Выбрать главу

Разумеется, для обоснования бесконечного сомнения недостаточно просто утверждать, что очевидное и банальное могут скрывать за собой нечто иное. Нужно, кроме того, объяснить, как и почему это происходит. В формулировании этого подозрения решающую роль для Кьеркегора играет понятие нового. В своих «Философских крохах», опубликованных под псевдонимом Йоханнес Климакус, Кьеркегор показывает, что со времен Сократа очевидность понималась как эффект воспоминания, поскольку душа может идентифицировать как очевидное только то, с чем она уже сталкивалась ранее. Метод Сократа состоял не в том, чтобы научить людей чему-то новому, а в том, чтобы привести их обратно к самим себе, дабы они открыли истину, которая уже заложена в их душах. Это аннулирует статус Сократа как учителя, поскольку он находит истину в душах своих учеников. Тем самым Сократ делает себя как бы несуществующим: он растворяет свою живую экзистенцию в очевидности, к которой подводит своих учеников. Время его собственной жизни является для него всего лишь переходом к вечности и, следовательно, не имеет автономной, экзистенциальной ценности.

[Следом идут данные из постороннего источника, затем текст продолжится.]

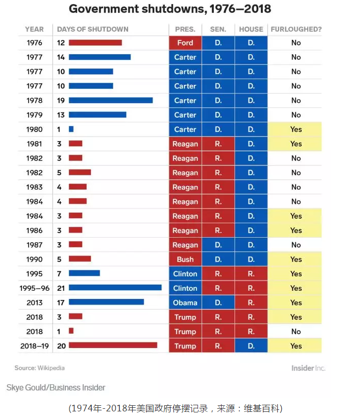 目前并没有人知道,到底美国政府的停摆会持续到什么时候,但是我们知道,持续的时间越长,对于美国经济复苏的伤害会越大。统计数据显示,自从1974年美国实行现代预算程序以来,这是第21次政府关门。仅在特朗普任期内,目前已经是第三次,前面两次分别停摆了1天和3天,影响相对有限,但是这一次特朗普希望国会拨款57亿美元,用于在美国和墨西哥边境修建边境墙,但是遭到了民主党把控的众议院的拒绝。于是自圣诞节到现在,美国政府处于停摆状态,创下了历史上最长关门记录。

Согласно Платону, ученику Сократа, душа опознает вечные идеи как очевидные, потому что уже видела эти идеи до своего прихода в мир. Следовательно, очевидность всегда вытекает из возвращения к источнику, к прошлому, к воспоминанию. Тема воспоминания играет ключевую роль и у Гегеля: постижение рациональности внешнего мира происходит в результате сравнения с историческими формами, которые абсолютный дух принимал в ходе своего развития. Внутренние пространства души оснащены образами, которые душа с рождения получила в наследство от трансцендентного или от коллективной истории человечества. Эффект очевидности возникает, когда опыт, переживаемый душой в реальном мире, соответствует этим образам. Гегелевская система претендует на то, что она содержит в себе исчерпывающее собрание, архив или музей образов, необходимых индивидуальной душе для достижения очевидности в понимании мира. Даже если кто-то отвергает это притязание, заявляя, что гегелевская система требует дополнения, он остается в рамках этой системы — поскольку ее теоретический триумф оказывается лишь исторически отсрочен, как это происходит, например, в марксизме.

Таким образом, традиционное философское понимание очевидности исключает радикально новое. Ведь новое, согласно Кьеркегору, это попросту то, что не имеет прототипов, что нельзя идентифицировать путем сравнения с прошлым. Но если очевидность, разум и логика не допускают нового, то они обесценивают индивидуальную экзистенцию, ведь индивидуум существует во времени. Если истина есть очевидность, а очевидность — воспоминание, следовательно, существование индивидуума напрасно: во время его жизни не может случиться ничего по-настоящему важного. Решающим историческим примером, который Кьеркегор противопоставляет этому тезису, служит христианство.

Христианство представляет собой событие во времени, причем такое событие, которое нельзя идентифицировать посредством воспоминания. Бог показал себя в человеческой форме, банальной для своего времени, а именно в форме странствующего проповедника. Как таковую эту форму можно было легко идентифицировать. Следовательно, современники Христа не имели явной причины для признания в нем Бога, ведь божественное не проявилось в облике Христа сколько-нибудь очевидным образом. Не было никакого внешнего различия между просто человеком и Богом, который стал человеком: если бы существовало такое различие, которое можно было бы установить как очевидное, христианство осталось бы всего-навсего предметом философского анализа.

Абсолютная новизна христианства заключается в абсолютной банальности фигуры Христа. Радикально новое, по определению Кьеркегора, не обнаруживает никаких внешних признаков своей особости и внешне не отличается от банального. Если бы такие признаки имелись, новое можно было бы «опознать», то есть «вспомнить», а это означало бы, что оно на самом деле не ново. Радикально новое — это внутреннее, скрытое различие во внешне неотличимом или, если угодно, в абсолютно банальном.

Банальное можно описать как ненужное, избыточное умножение определенных форм и образов по ту сторону их непосредственной очевидности. Скажем, «тип странствующего проповедника» (как выразился бы Ницше) давно всем знаком. Поэтому чрезмерное множество странствующих проповедников банально и избыточно: достаточно того, что данный тип представлен в галерее исторически известных человеческих типов. Существование любого отдельного странствующего проповедника (во времена Христа или сегодня) следует рассматривать как напрасное по причине его абсолютной банальности. Однако это существование заново обретает значение, если можно сказать, что только этот странствующий проповедник, внешне неотличимый от прочих, является истинным Богом. А это делает и других странствующих проповедников, внешне банальных, столь же интересными, поскольку все они при таком новом условии получают по крайней мере индивидуальный шанс на обретение бесконечной значимости.